Avian Flu Scan for Feb 25, 2015

More H7N9 cases in China
;
H9N2 seroprevalence

H7N9 sickens two in China's Guangdong province

China's Guangdong province reported two new H7N9 avian influenza cases today, according to a report from Hong Kong's Centre for Health Protection (CHP).

One of the H7N9 case-patients is a 3-year-old boy from the city of Heyuan, who is hospitalized in stable condition. The other infection occurred in an 18-year-old woman from the city of Foshan. She is currently hospitalized in critical condition.

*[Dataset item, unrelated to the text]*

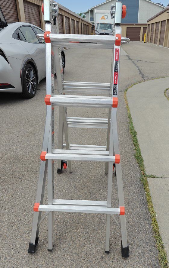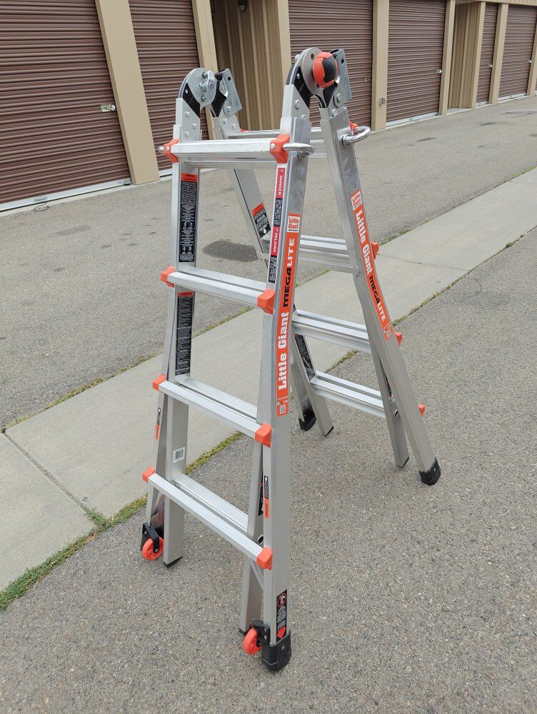 VenmoThis ladder can fold on itself and can lay flat. It locks into place easily and is in “like new” condition.

The two new cases bring the global H7N9 total to 613, according to a case list maintained by FluTrackers, an infectious disease tracking message board.
Feb 25 CHP report
FluTrackers
H7N9 case list

 

Study finds low prevalence of H9N2 infection in people exposed to birds

Seroprevalence of H9N2 avian flu antibodies among people exposed to birds was fairly low, although the virus still poses a pandemic threat, according to a study in the Journal of Infectious Diseases.

Researchers conducted a meta-analysis involving 25 studies on the results of hemagglutination inhibition (HI) and microneutralization (MN) assays presented in 25 studies from 1997 to 2003. Results were compared with the World Health Organization (WHO)–recommended case definition for seroprevalence, which is a median 1.3% via HI and 0.3% via MN.

Use of the HI assay in people exposed to birds resulted in an overall H9N2 seroprevalence of 4.9% (range, 0.6%-42.6%), which did not differ significantly from the WHO estimate. The MN assay returned a median seroprevalence of 2.7% (range, 0.5%-9%), which was significantly higher than the WHO definition.

Researchers found that H9N2 infections were detected mainly in China, Hong Kong, and Bangladesh, although infection has also been detected in other Asian regions, the Middle East, Africa, and North America. The virus has an almost global distribution in domestic poultry.

H9N2 infection in people generally causes mild or asymptomatic disease, and the study said that surveillance efforts are likely missing infections in people exposed regularly to birds. Because H9N2 poses a pandemic threat, researchers recommended standardized sampling protocols and the development of new diagnostic assays.